┌─ DATA FOR THIS TASK
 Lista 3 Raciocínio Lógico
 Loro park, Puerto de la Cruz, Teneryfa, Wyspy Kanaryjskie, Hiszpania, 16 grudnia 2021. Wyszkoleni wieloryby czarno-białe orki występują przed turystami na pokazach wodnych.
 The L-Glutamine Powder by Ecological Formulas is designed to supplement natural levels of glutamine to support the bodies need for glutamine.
└─
┌─ DATA FOR THIS TASK
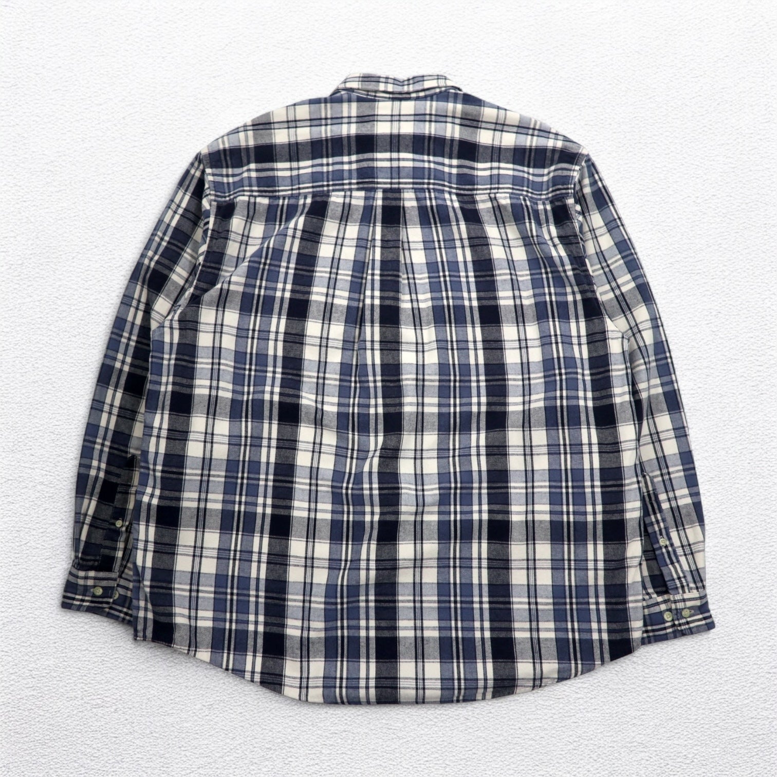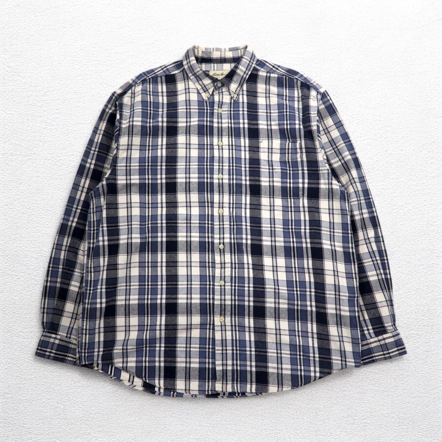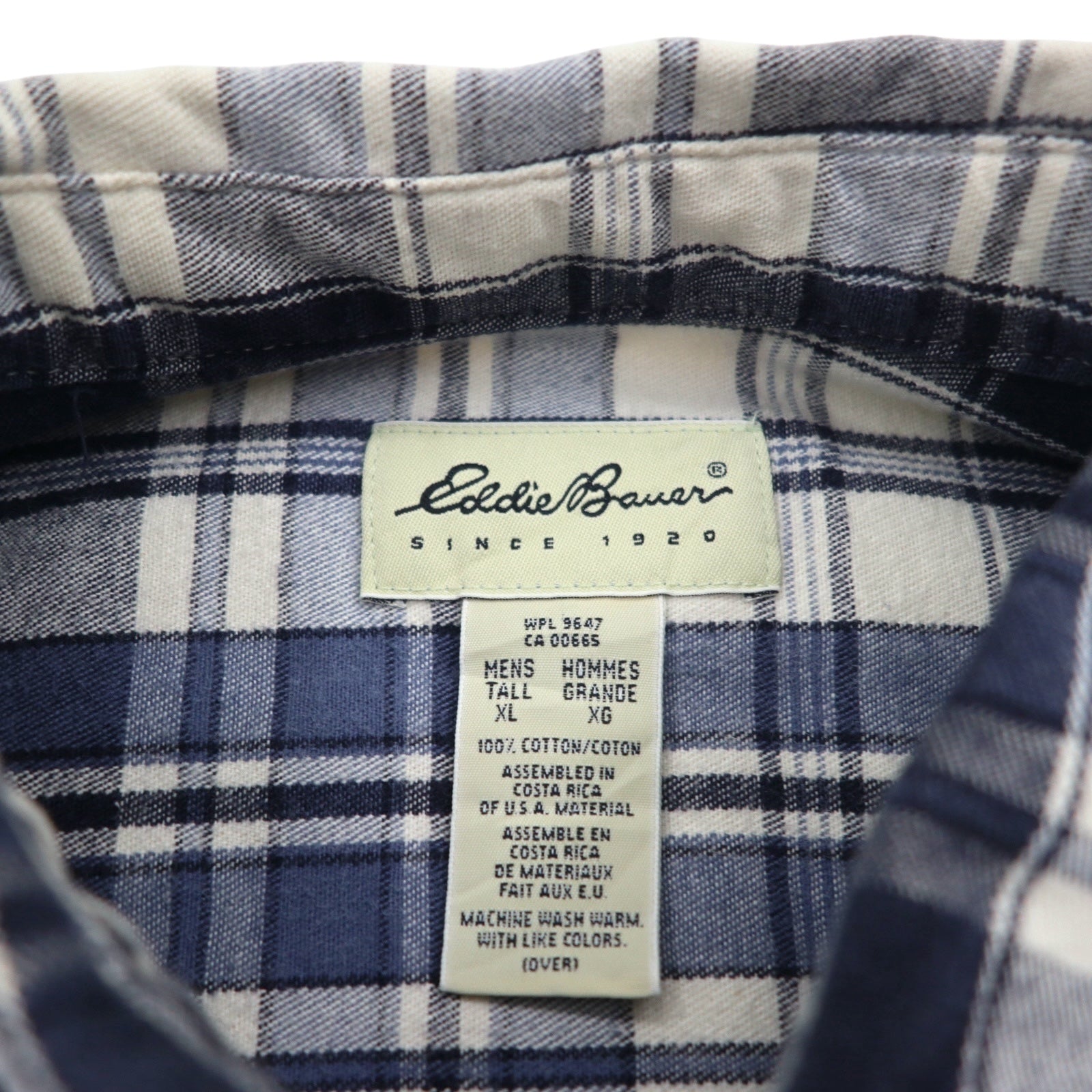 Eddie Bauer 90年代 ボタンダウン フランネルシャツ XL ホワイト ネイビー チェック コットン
└─
┌─ DATA FOR THIS TASK
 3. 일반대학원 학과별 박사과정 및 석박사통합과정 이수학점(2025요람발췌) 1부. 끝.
└─
§ **REQUIRED WORK**
Take the line above containing "Lista 3 Raciocínio Lógico", the line containing "The L-Glutamine Powder", and all lines in between, and copy them exactly without anything else.

§ **EXERCISE RESULT**
 Lista 3 Raciocínio Lógico
 Loro park, Puerto de la Cruz, Teneryfa, Wyspy Kanaryjskie, Hiszpania, 16 grudnia 2021. Wyszkoleni wieloryby czarno-białe orki występują przed turystami na pokazach wodnych.
 The L-Glutamine Powder by Ecological Formulas is designed to supplement natural levels of glutamine to support the bodies need for glutamine.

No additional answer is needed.